Allergen-free recipes for Chinese New Year


"I really wanted to create some delicious allergy friendly Asian recipes, Chinese recipes, because that's actually something that's generally hard for people to find," said Cybele Pascal, author of "Allergy-Free and Easy Cooking."

In her book, Pascal made smart ingredient swaps, starting with SunButter Dan Dan Noodles.

"People traditionally eat long noodles on the Chinese New Year because they represent longevity, long life," said Pascal.

The longer the noodle, the longer the life, so don't cut it. Use sunflower seed butter in place of peanut butter. In lieu of soy sauce or tamari, she uses an alternative of coconut amino acids, which has 65 percent less sodium and made from fermented coconut sap.

Canola replaces peanut oil and quinoa corn linguini is used instead of standard wheat pasta. Ginger, garlic, onion, cilantro, cucumbers and sunflower seeds make the dish tasty and authentic.
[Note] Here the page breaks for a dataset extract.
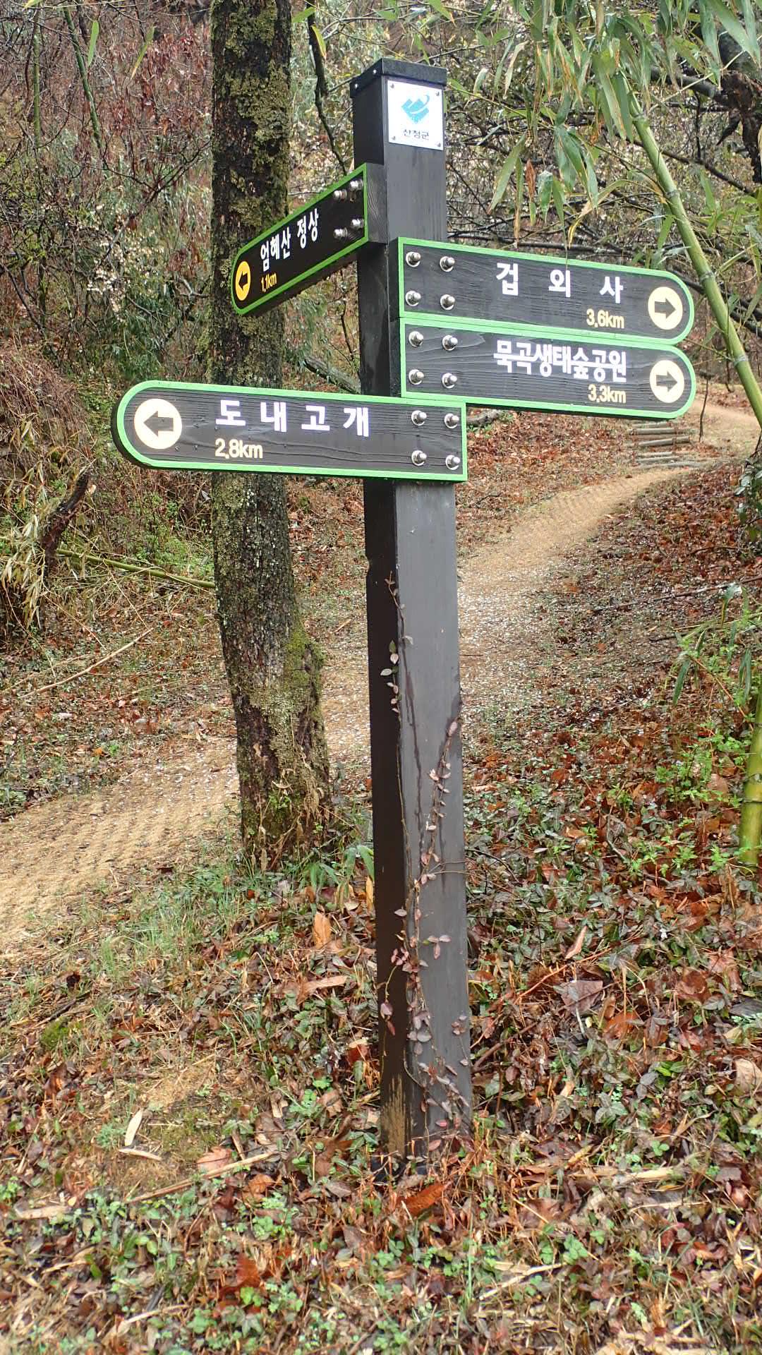 엄혜산 정상 1.1km · 도내고개 2.8km · 겁외사 3.6km · 묵곡생태숲공원 3.3km라는데,
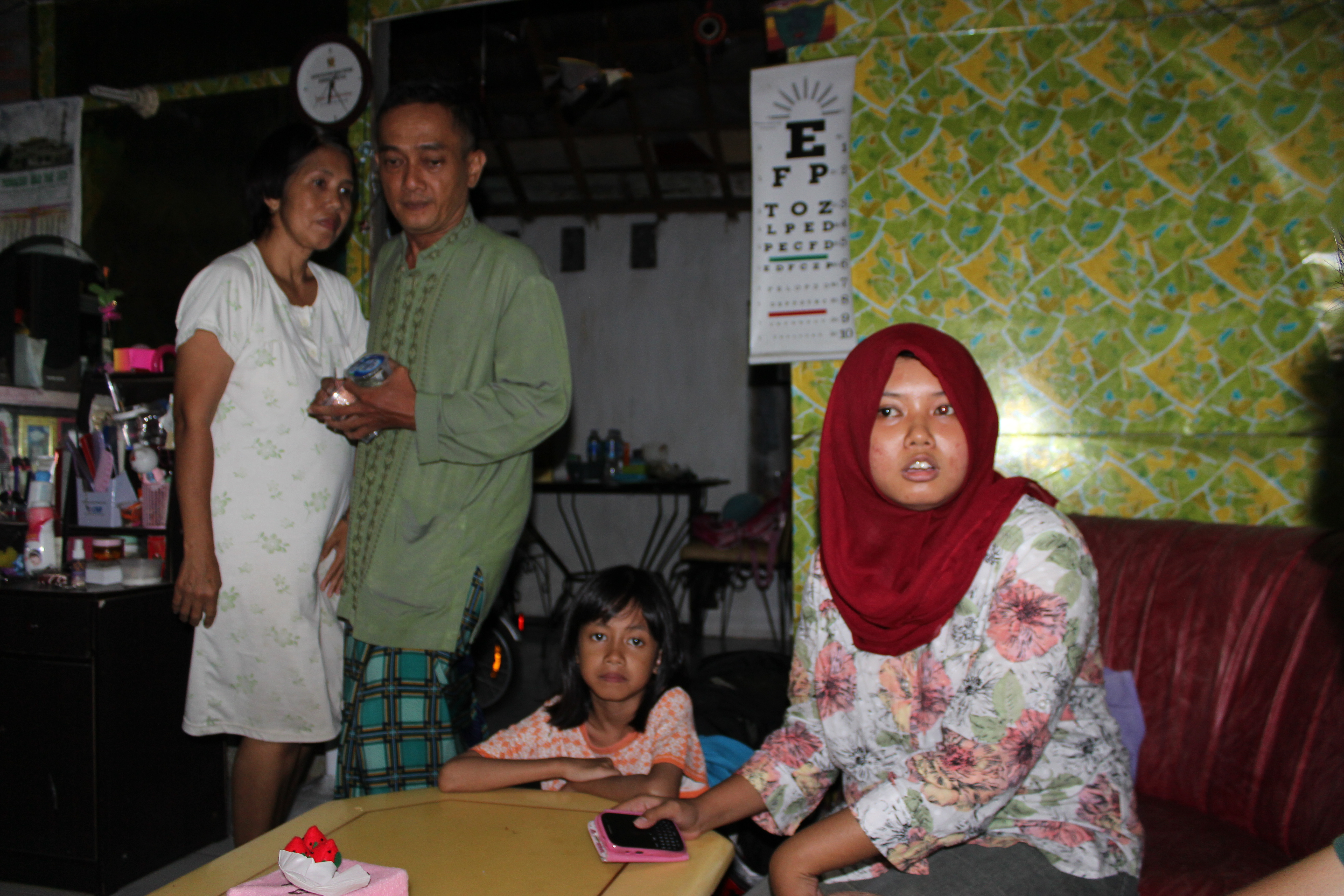 Una gran lona repleta de letras escritas ,en bahasa indonesia a modo de cartel de entrada daba la bienvenida al hogar. La puerta abierta, como es costumbre. A un lado, un pequeño mostrador y unas vitrinas que contenían varias gafas. El cabeza de familia era el óptico del barrio. En el otro lado, un pequeño sofá en donde nos invitaban a descalzarnos para entrar en el domicilio. Una pequeña sala anexa hacía las veces de comedor, sala de estar y diminuta cocina. Esta última daba la sensación de estar en  desuso. Luego nuestra anfitriona nos confesó que en Indonesia no es habitual cocinar en casa. La comida en los puestos callejeros es tan barata que sale mucho más a cuenta comprarla que hacerla.

"These are wonderful gluten-free noodles, and they really hold their shape," said Pascal.

They closely resemble traditional egg noodle color, although brown rice pasta can be used.

"Not only is this a 30-minute meal that is free of all top eight allergens and gluten-free, it's really simple to make ahead of time," said Pascal.

Her lettuce cups have dark meat chicken, chopped up veggies, water chestnuts for crunch and a homemade soy-free, wheat-free, gluten-free Hoisin sauce.

The finale is a lightning quick dessert, nature's candy.

"Oranges represent also prosperity, new growth and the sweetness of the New Year, which I think is a lovely concept," said Pascal.

The Coconut Amino Acid and SunButter can be found at Whole Foods or other Natural Foods Markets, and the Sunbutter can also be found at Trader Joe's.